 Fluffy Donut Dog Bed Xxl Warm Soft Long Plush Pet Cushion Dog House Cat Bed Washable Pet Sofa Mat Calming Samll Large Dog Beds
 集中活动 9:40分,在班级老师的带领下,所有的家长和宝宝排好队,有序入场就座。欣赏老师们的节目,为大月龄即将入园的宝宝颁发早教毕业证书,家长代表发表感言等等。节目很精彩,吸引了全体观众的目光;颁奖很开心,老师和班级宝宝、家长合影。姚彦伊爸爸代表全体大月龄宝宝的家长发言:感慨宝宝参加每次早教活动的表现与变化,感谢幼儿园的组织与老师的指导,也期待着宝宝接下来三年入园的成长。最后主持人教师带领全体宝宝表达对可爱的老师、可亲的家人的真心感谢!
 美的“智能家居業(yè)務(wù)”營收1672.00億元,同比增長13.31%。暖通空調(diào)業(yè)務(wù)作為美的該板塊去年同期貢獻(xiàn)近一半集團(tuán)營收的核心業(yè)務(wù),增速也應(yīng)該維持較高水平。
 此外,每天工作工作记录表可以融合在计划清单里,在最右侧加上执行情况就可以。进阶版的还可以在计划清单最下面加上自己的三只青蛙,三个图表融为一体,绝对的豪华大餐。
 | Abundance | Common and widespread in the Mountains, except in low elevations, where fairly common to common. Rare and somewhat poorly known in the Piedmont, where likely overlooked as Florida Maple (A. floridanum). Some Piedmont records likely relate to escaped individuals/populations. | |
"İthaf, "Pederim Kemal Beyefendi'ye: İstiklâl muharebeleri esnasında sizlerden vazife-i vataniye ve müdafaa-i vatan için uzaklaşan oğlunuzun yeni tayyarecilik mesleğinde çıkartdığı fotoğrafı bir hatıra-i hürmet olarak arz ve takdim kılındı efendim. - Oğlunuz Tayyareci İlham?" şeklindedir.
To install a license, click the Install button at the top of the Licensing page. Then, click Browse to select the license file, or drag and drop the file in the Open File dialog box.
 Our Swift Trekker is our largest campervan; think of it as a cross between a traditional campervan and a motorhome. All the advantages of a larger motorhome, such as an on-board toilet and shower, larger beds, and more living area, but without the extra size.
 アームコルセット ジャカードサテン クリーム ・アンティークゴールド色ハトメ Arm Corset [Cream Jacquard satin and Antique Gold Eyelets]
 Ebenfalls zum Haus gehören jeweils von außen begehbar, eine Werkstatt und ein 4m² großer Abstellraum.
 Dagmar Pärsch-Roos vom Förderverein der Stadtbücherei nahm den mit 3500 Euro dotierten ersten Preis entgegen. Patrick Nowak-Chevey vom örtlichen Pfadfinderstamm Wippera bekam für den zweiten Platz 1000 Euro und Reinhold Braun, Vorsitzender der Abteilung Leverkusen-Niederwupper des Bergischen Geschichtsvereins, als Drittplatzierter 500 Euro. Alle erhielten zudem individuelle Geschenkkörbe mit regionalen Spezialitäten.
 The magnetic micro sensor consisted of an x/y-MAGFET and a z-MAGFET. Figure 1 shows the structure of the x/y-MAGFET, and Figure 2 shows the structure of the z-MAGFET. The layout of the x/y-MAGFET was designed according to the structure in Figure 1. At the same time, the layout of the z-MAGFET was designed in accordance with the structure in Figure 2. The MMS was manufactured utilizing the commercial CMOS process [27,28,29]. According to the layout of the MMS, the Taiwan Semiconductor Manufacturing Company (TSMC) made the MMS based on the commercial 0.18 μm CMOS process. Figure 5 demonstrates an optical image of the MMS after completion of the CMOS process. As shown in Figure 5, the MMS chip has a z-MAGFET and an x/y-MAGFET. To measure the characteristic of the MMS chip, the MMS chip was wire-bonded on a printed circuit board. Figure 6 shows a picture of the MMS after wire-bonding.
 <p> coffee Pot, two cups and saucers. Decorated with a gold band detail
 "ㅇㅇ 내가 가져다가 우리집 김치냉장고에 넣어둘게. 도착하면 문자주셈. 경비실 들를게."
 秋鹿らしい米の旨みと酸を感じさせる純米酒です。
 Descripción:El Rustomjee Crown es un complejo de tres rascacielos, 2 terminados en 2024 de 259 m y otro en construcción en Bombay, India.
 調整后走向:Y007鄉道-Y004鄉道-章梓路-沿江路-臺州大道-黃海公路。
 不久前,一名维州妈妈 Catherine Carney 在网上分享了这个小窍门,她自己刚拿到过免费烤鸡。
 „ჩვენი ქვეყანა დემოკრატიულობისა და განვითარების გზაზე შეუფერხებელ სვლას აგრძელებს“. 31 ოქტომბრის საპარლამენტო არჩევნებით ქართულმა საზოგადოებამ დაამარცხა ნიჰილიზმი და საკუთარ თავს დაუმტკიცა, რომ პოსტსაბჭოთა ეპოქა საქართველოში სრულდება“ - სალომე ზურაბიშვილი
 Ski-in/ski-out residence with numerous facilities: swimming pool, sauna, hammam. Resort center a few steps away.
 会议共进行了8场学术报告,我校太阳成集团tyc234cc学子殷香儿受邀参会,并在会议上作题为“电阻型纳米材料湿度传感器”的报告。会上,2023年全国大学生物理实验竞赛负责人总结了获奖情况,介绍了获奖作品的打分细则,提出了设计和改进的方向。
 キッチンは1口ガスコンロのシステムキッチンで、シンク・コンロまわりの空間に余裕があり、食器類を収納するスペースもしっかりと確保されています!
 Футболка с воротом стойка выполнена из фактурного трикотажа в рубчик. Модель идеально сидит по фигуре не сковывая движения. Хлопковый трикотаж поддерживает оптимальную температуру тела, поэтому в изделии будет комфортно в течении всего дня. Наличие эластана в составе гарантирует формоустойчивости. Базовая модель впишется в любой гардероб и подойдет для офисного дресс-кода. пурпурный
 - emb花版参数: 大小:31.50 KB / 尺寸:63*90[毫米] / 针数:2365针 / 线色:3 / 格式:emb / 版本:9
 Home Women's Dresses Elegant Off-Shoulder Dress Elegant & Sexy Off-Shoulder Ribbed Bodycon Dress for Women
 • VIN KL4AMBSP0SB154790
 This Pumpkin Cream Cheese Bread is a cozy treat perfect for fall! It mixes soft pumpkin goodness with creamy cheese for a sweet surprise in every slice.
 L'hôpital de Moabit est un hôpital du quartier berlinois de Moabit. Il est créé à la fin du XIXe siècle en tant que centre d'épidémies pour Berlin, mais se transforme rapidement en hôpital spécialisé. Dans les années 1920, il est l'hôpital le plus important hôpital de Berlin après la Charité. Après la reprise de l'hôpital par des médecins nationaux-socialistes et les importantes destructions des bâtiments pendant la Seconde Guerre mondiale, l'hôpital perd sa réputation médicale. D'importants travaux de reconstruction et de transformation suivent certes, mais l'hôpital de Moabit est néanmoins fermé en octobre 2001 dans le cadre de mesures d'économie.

EXERCISE:
In the answer, the listing above should be restated word for word.

RESULT FOR THIS EXERCISE:
 Fluffy Donut Dog Bed Xxl Warm Soft Long Plush Pet Cushion Dog House Cat Bed Washable Pet Sofa Mat Calming Samll Large Dog Beds
 集中活动 9:40分,在班级老师的带领下,所有的家长和宝宝排好队,有序入场就座。欣赏老师们的节目,为大月龄即将入园的宝宝颁发早教毕业证书,家长代表发表感言等等。节目很精彩,吸引了全体观众的目光;颁奖很开心,老师和班级宝宝、家长合影。姚彦伊爸爸代表全体大月龄宝宝的家长发言:感慨宝宝参加每次早教活动的表现与变化,感谢幼儿园的组织与老师的指导,也期待着宝宝接下来三年入园的成长。最后主持人教师带领全体宝宝表达对可爱的老师、可亲的家人的真心感谢!
 美的“智能家居業(yè)務(wù)”營收1672.00億元,同比增長13.31%。暖通空調(diào)業(yè)務(wù)作為美的該板塊去年同期貢獻(xiàn)近一半集團(tuán)營收的核心業(yè)務(wù),增速也應(yīng)該維持較高水平。
 此外,每天工作工作记录表可以融合在计划清单里,在最右侧加上执行情况就可以。进阶版的还可以在计划清单最下面加上自己的三只青蛙,三个图表融为一体,绝对的豪华大餐。
 | Abundance | Common and widespread in the Mountains, except in low elevations, where fairly common to common. Rare and somewhat poorly known in the Piedmont, where likely overlooked as Florida Maple (A. floridanum). Some Piedmont records likely relate to escaped individuals/populations. | |
"İthaf, "Pederim Kemal Beyefendi'ye: İstiklâl muharebeleri esnasında sizlerden vazife-i vataniye ve müdafaa-i vatan için uzaklaşan oğlunuzun yeni tayyarecilik mesleğinde çıkartdığı fotoğrafı bir hatıra-i hürmet olarak arz ve takdim kılındı efendim. - Oğlunuz Tayyareci İlham?" şeklindedir.
To install a license, click the Install button at the top of the Licensing page. Then, click Browse to select the license file, or drag and drop the file in the Open File dialog box.
 Our Swift Trekker is our largest campervan; think of it as a cross between a traditional campervan and a motorhome. All the advantages of a larger motorhome, such as an on-board toilet and shower, larger beds, and more living area, but without the extra size.
 アームコルセット ジャカードサテン クリーム ・アンティークゴールド色ハトメ Arm Corset [Cream Jacquard satin and Antique Gold Eyelets]
 Ebenfalls zum Haus gehören jeweils von außen begehbar, eine Werkstatt und ein 4m² großer Abstellraum.
 Dagmar Pärsch-Roos vom Förderverein der Stadtbücherei nahm den mit 3500 Euro dotierten ersten Preis entgegen. Patrick Nowak-Chevey vom örtlichen Pfadfinderstamm Wippera bekam für den zweiten Platz 1000 Euro und Reinhold Braun, Vorsitzender der Abteilung Leverkusen-Niederwupper des Bergischen Geschichtsvereins, als Drittplatzierter 500 Euro. Alle erhielten zudem individuelle Geschenkkörbe mit regionalen Spezialitäten.
 The magnetic micro sensor consisted of an x/y-MAGFET and a z-MAGFET. Figure 1 shows the structure of the x/y-MAGFET, and Figure 2 shows the structure of the z-MAGFET. The layout of the x/y-MAGFET was designed according to the structure in Figure 1. At the same time, the layout of the z-MAGFET was designed in accordance with the structure in Figure 2. The MMS was manufactured utilizing the commercial CMOS process [27,28,29]. According to the layout of the MMS, the Taiwan Semiconductor Manufacturing Company (TSMC) made the MMS based on the commercial 0.18 μm CMOS process. Figure 5 demonstrates an optical image of the MMS after completion of the CMOS process. As shown in Figure 5, the MMS chip has a z-MAGFET and an x/y-MAGFET. To measure the characteristic of the MMS chip, the MMS chip was wire-bonded on a printed circuit board. Figure 6 shows a picture of the MMS after wire-bonding.
 <p> coffee Pot, two cups and saucers. Decorated with a gold band detail
 "ㅇㅇ 내가 가져다가 우리집 김치냉장고에 넣어둘게. 도착하면 문자주셈. 경비실 들를게."
 秋鹿らしい米の旨みと酸を感じさせる純米酒です。
 Descripción:El Rustomjee Crown es un complejo de tres rascacielos, 2 terminados en 2024 de 259 m y otro en construcción en Bombay, India.
 調整后走向:Y007鄉道-Y004鄉道-章梓路-沿江路-臺州大道-黃海公路。
 不久前,一名维州妈妈 Catherine Carney 在网上分享了这个小窍门,她自己刚拿到过免费烤鸡。
 „ჩვენი ქვეყანა დემოკრატიულობისა და განვითარების გზაზე შეუფერხებელ სვლას აგრძელებს“. 31 ოქტომბრის საპარლამენტო არჩევნებით ქართულმა საზოგადოებამ დაამარცხა ნიჰილიზმი და საკუთარ თავს დაუმტკიცა, რომ პოსტსაბჭოთა ეპოქა საქართველოში სრულდება“ - სალომე ზურაბიშვილი
 Ski-in/ski-out residence with numerous facilities: swimming pool, sauna, hammam. Resort center a few steps away.
 会议共进行了8场学术报告,我校太阳成集团tyc234cc学子殷香儿受邀参会,并在会议上作题为“电阻型纳米材料湿度传感器”的报告。会上,2023年全国大学生物理实验竞赛负责人总结了获奖情况,介绍了获奖作品的打分细则,提出了设计和改进的方向。
 キッチンは1口ガスコンロのシステムキッチンで、シンク・コンロまわりの空間に余裕があり、食器類を収納するスペースもしっかりと確保されています!
 Футболка с воротом стойка выполнена из фактурного трикотажа в рубчик. Модель идеально сидит по фигуре не сковывая движения. Хлопковый трикотаж поддерживает оптимальную температуру тела, поэтому в изделии будет комфортно в течении всего дня. Наличие эластана в составе гарантирует формоустойчивости. Базовая модель впишется в любой гардероб и подойдет для офисного дресс-кода. пурпурный
 - emb花版参数: 大小:31.50 KB / 尺寸:63*90[毫米] / 针数:2365针 / 线色:3 / 格式:emb / 版本:9
 Home Women's Dresses Elegant Off-Shoulder Dress Elegant & Sexy Off-Shoulder Ribbed Bodycon Dress for Women
 • VIN KL4AMBSP0SB154790
 This Pumpkin Cream Cheese Bread is a cozy treat perfect for fall! It mixes soft pumpkin goodness with creamy cheese for a sweet surprise in every slice.
 L'hôpital de Moabit est un hôpital du quartier berlinois de Moabit. Il est créé à la fin du XIXe siècle en tant que centre d'épidémies pour Berlin, mais se transforme rapidement en hôpital spécialisé. Dans les années 1920, il est l'hôpital le plus important hôpital de Berlin après la Charité. Après la reprise de l'hôpital par des médecins nationaux-socialistes et les importantes destructions des bâtiments pendant la Seconde Guerre mondiale, l'hôpital perd sa réputation médicale. D'importants travaux de reconstruction et de transformation suivent certes, mais l'hôpital de Moabit est néanmoins fermé en octobre 2001 dans le cadre de mesures d'économie.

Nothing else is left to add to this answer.